Problem to solve: Give back, exactly as written, the lines from the first line of the data below through the line with "The kurta is", and omit the pictures.

Data shown:

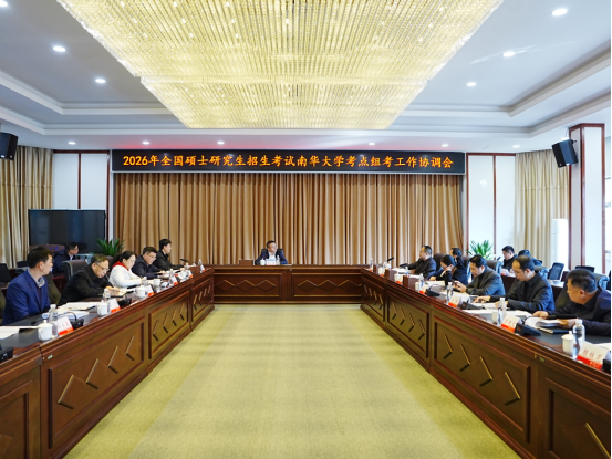 12月16日,南华大学召开2026年全国硕士研究生招生考试南华大学考点组考工作协调会。校长夏昆出席会议并强调,要深入贯彻党中央、国务院关于招生工作的决策部署,严格落实教育部及全省硕士研究生招生考试安全工作会议精神,弘扬求真务实的工作作风,加强协同联动,压实各方责任,强化服务保障,全力实现“平安研考”目标。校党委副书记李乐主持会议。
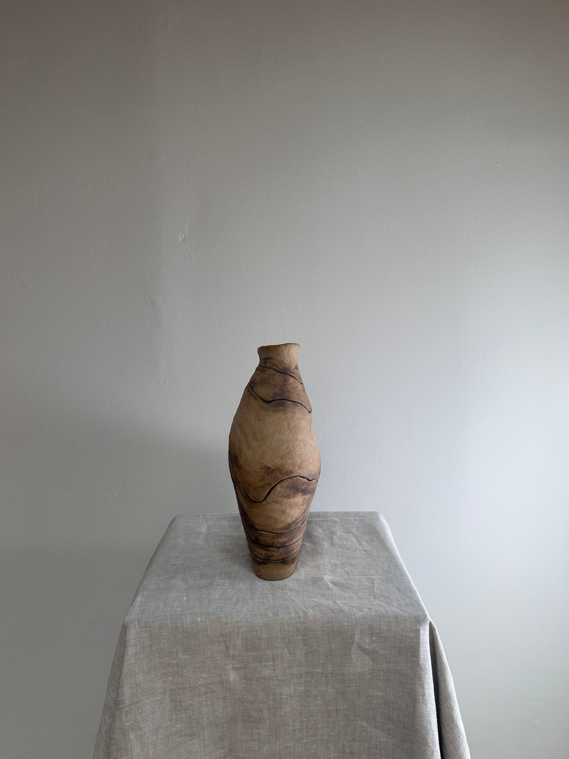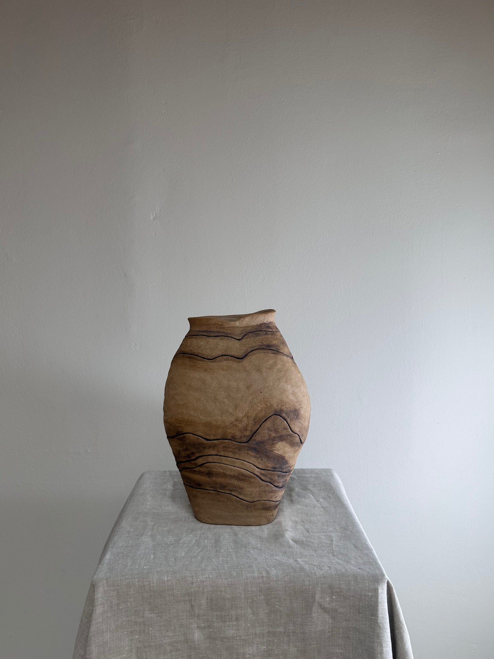 Sand and grey striped vase with soft curves and layered lines, this vase evokes the feel of shifting tides and desert landscapes. The sand and grey palette gives it a warm, organic presence that feels both grounded and fluid.
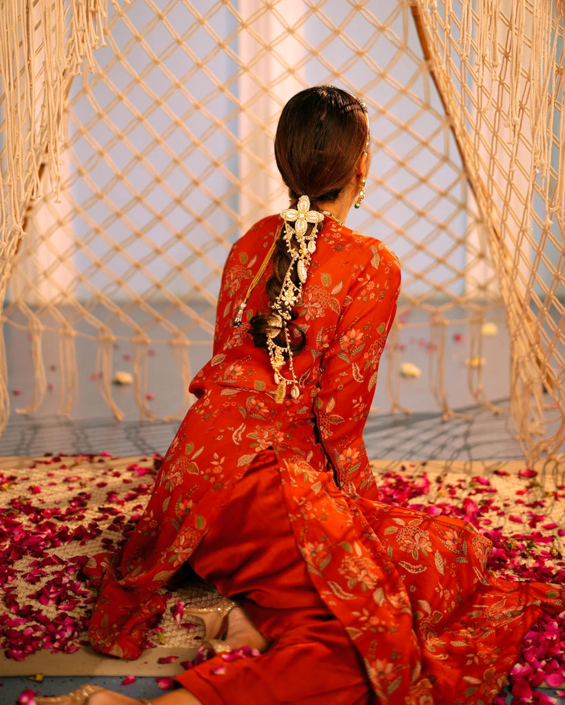 The kurta is available in sizes S-36, M-38, L-40, XL-42, and XXL-44. The trousers come in sizes S-28, M-30, L-32, XL-34, and XXL-36.
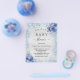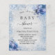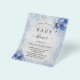 Por favor, note que este convite está no papel de folheto e é muito fino. Os envelopes não estão incluídos. Para convites mais espessos (mesmo design) visite nossa loja. Um chá de fraldas moderno, elegante, celebrando um menino. Fundo metálico de aspecto fino prateado decorado com brilho azul, farelos e flores azuis, flores. Personalize e adicione um nome e detalhes da parte. Letras pretas coloridas.

Worked solution:
 12月16日,南华大学召开2026年全国硕士研究生招生考试南华大学考点组考工作协调会。校长夏昆出席会议并强调,要深入贯彻党中央、国务院关于招生工作的决策部署,严格落实教育部及全省硕士研究生招生考试安全工作会议精神,弘扬求真务实的工作作风,加强协同联动,压实各方责任,强化服务保障,全力实现“平安研考”目标。校党委副书记李乐主持会议。
 Sand and grey striped vase with soft curves and layered lines, this vase evokes the feel of shifting tides and desert landscapes. The sand and grey palette gives it a warm, organic presence that feels both grounded and fluid.
 The kurta is available in sizes S-36, M-38, L-40, XL-42, and XXL-44. The trousers come in sizes S-28, M-30, L-32, XL-34, and XXL-36.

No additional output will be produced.